• _TASK TO COMPLETE_
Each line from the first entry to the line with "Clementoni Crazy Chic.", both included, is to be returned unchanged, with any pictures dropped.

• _ENTRIES SHOWN_
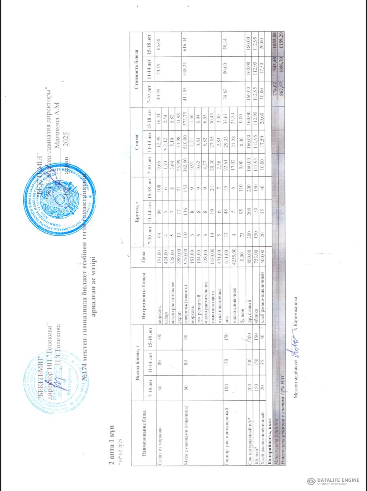 Ыстық тамақты ұйымдастырудың жұмыс жоспары
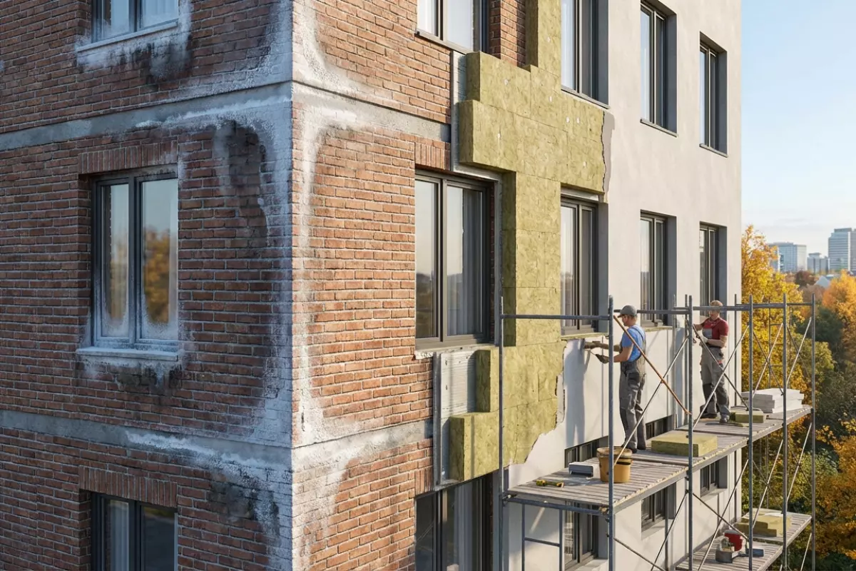 | Наружное утепление «мокрым фасадом» | Кирпич, бетон, газобетон, панельные стены | Снижает вероятность конденсата внутри, перекрывает «мостики» | Отслоение из-за плохой подготовки основания, ошибки в крепеже, трещины по сетке | Непрерывность слоя, правильные примыкания, защита откосов |
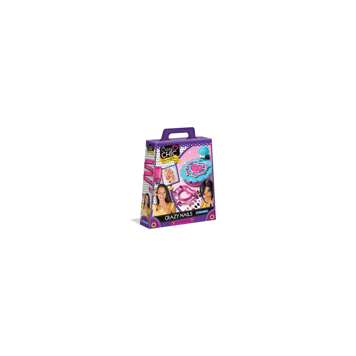 Clementoni Crazy Chic. Tipo di prodotto: Set di tatuaggi per unghie, Genere consigliato: Ragazza, Età consigliata (min): 6 anno/i. Tipo di imballo: Scatola, Larghezza imballo: 55 mm, Profondità imballo: 230 mm
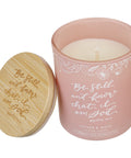 A tightfitting bamboo lid that preserves the fragrance is laser-engraved with the same Scripture verse. The candle is made from 100% soy wax and infused with an 8% vetiver and moss fragrance. Vetiver is a calming and soothing scent with grounding effects often used to reduce stress, anxiety, or tension. It can also promote better sleep, and it pairs perfectly with the earthy smell of moss. The jar can be repurposed once the candle has burnt out. The candle has a 22-hour burn rate, is cruelty-free, and has no parabens or phthalates.
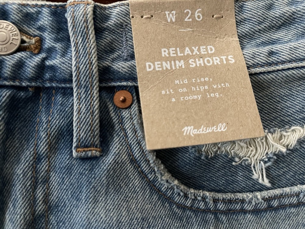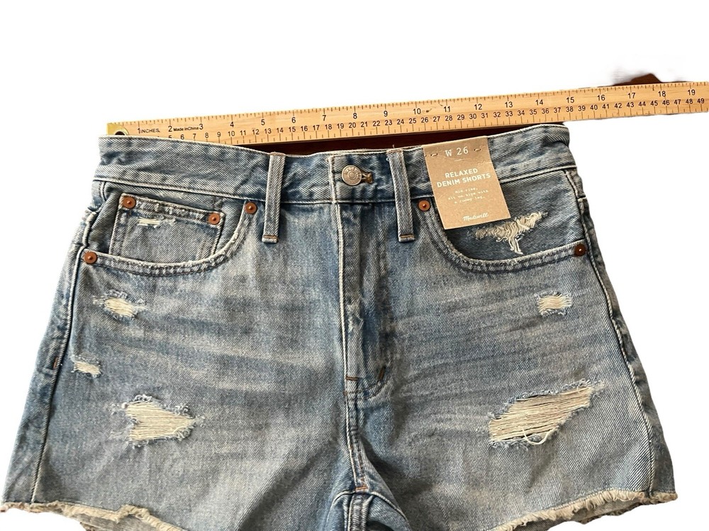 Madewell Relaxed Denim Women's Size 26 Distressed Mid Rise Jean Shorts NWT. Condition is New with tags. Shipped with USPS Ground Advantage.
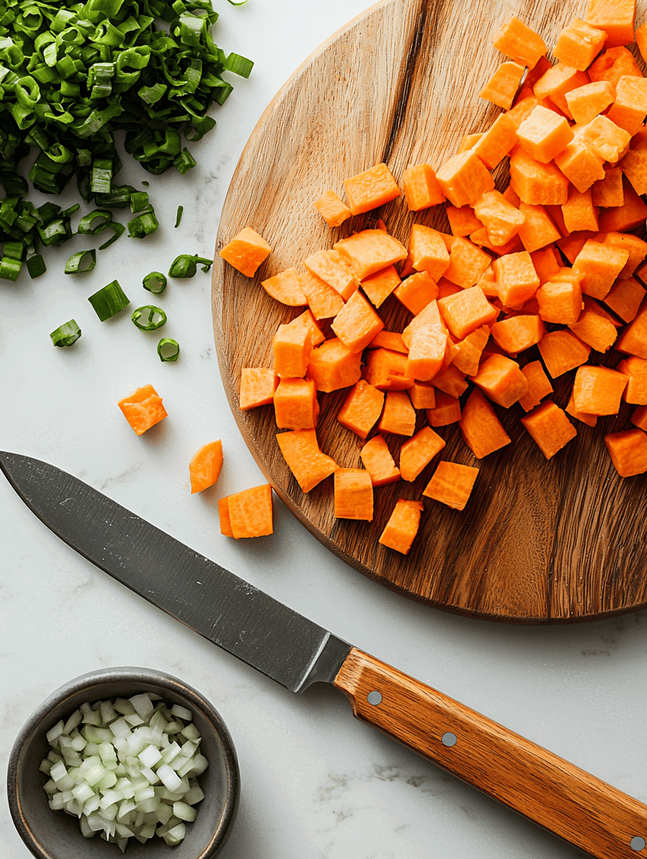 - Begin by peeling the sweet potatoes and carrots, then chopping them into uniform pieces to ensure even cooking. Dice the onion finely—that's your flavor base.
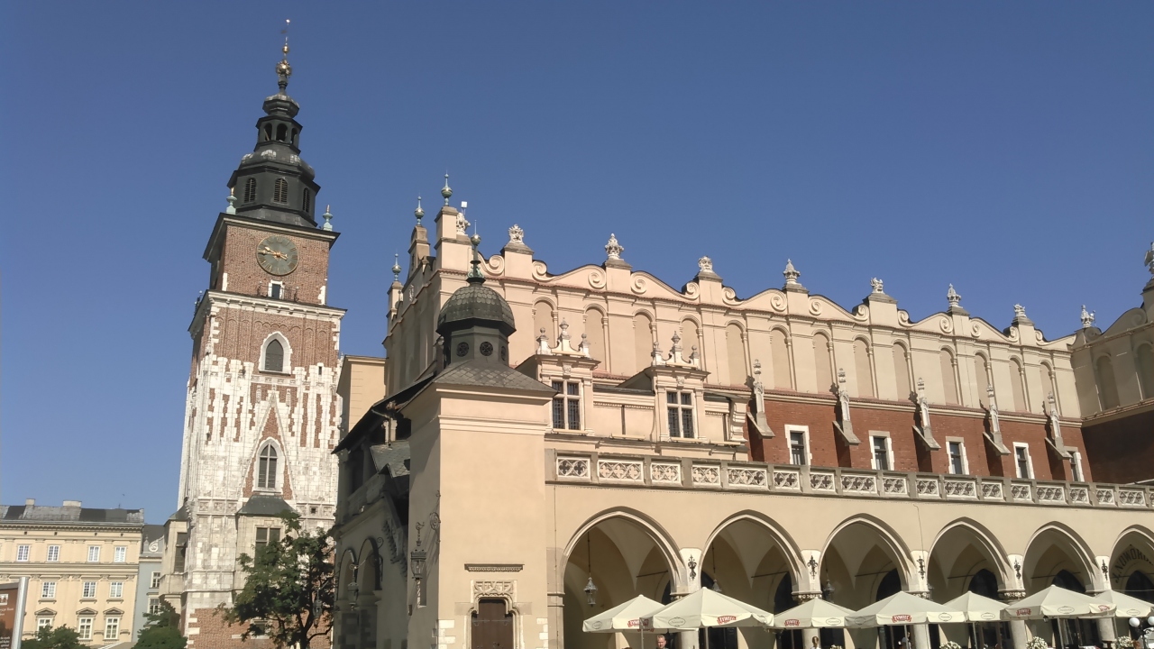 ツアーで訪問しました。中世からそのまま残っている広場としては。ヨーロッパ最大と言われる中央広場にあります。長さが100mもあり、クリーム色が綺麗です。14世紀に建てられ、当時は衣服や布地の交易所だったので、この名が付いたそうです。1階には民芸品や土産物などを売るお店がびっしり並んでいます。
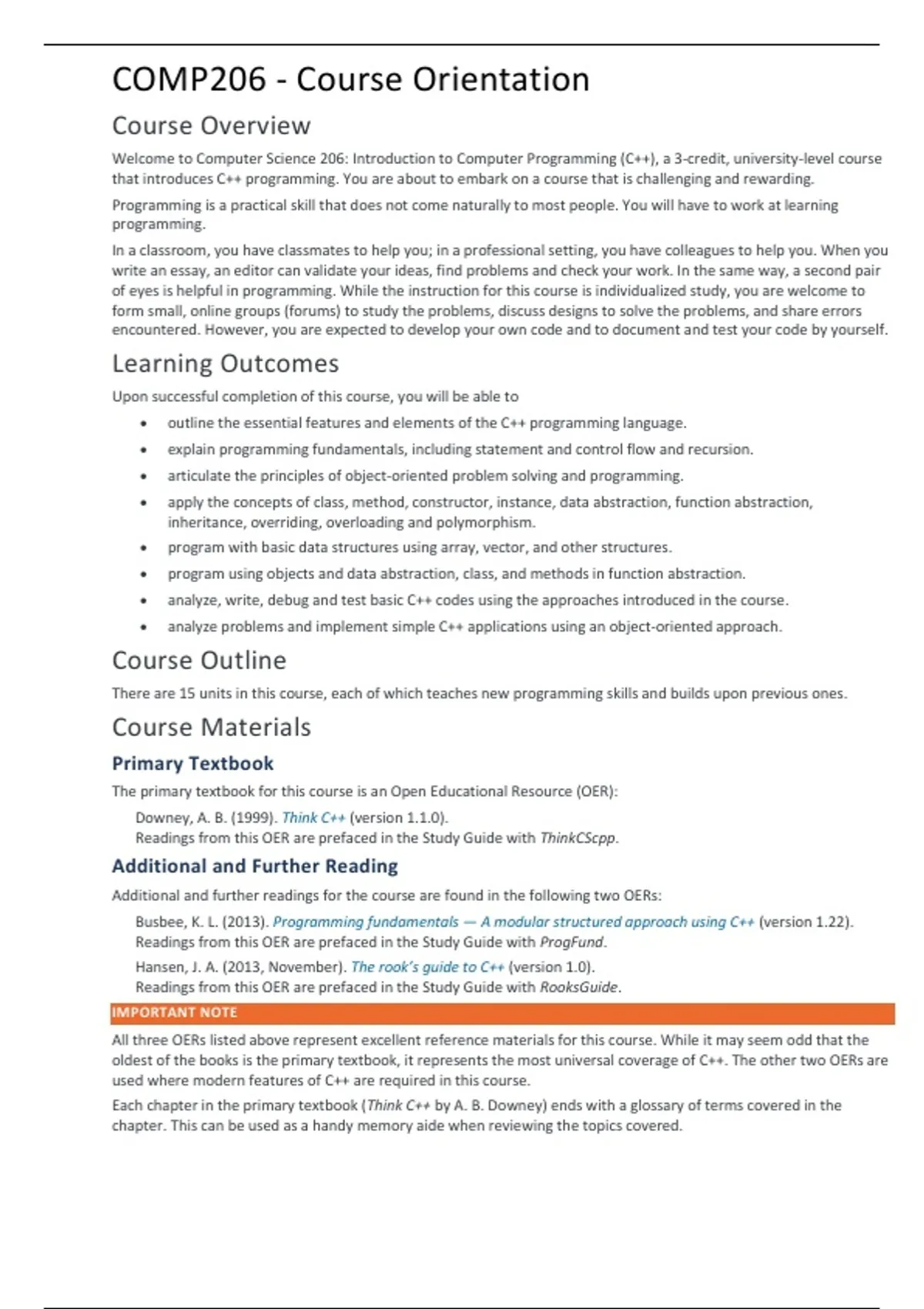 Welcome to Computer Science 206: Introduction to Computer Programming (C++), a 3-credit, university-level course
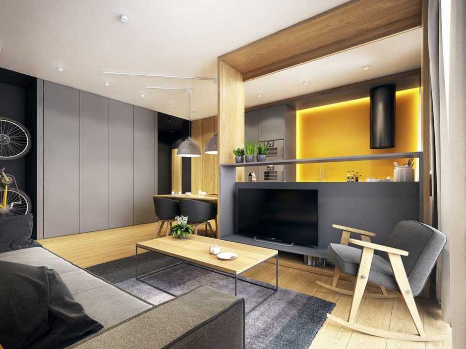 Современная кухня-гостиная – это помещение, где нет ничего лишнего: минимум декора, максимум света и свободного пространства. Поэтому для маленькой комнаты это наиболее подходящий вариант оформления.
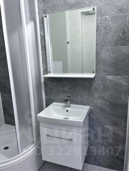 В санузле есть душевая кабина и раковина с тумбой, унитаз. Теплый пол.
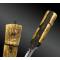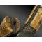 La poignée à quatre plaquettes en ivoire marin, rivetées et garnies de fleurs en argent. Le sommet est muni d’un ergot. Reste de damasquine d’or.

• _THE COMPLETED TASK_
 Ыстық тамақты ұйымдастырудың жұмыс жоспары
 | Наружное утепление «мокрым фасадом» | Кирпич, бетон, газобетон, панельные стены | Снижает вероятность конденсата внутри, перекрывает «мостики» | Отслоение из-за плохой подготовки основания, ошибки в крепеже, трещины по сетке | Непрерывность слоя, правильные примыкания, защита откосов |
 Clementoni Crazy Chic. Tipo di prodotto: Set di tatuaggi per unghie, Genere consigliato: Ragazza, Età consigliata (min): 6 anno/i. Tipo di imballo: Scatola, Larghezza imballo: 55 mm, Profondità imballo: 230 mm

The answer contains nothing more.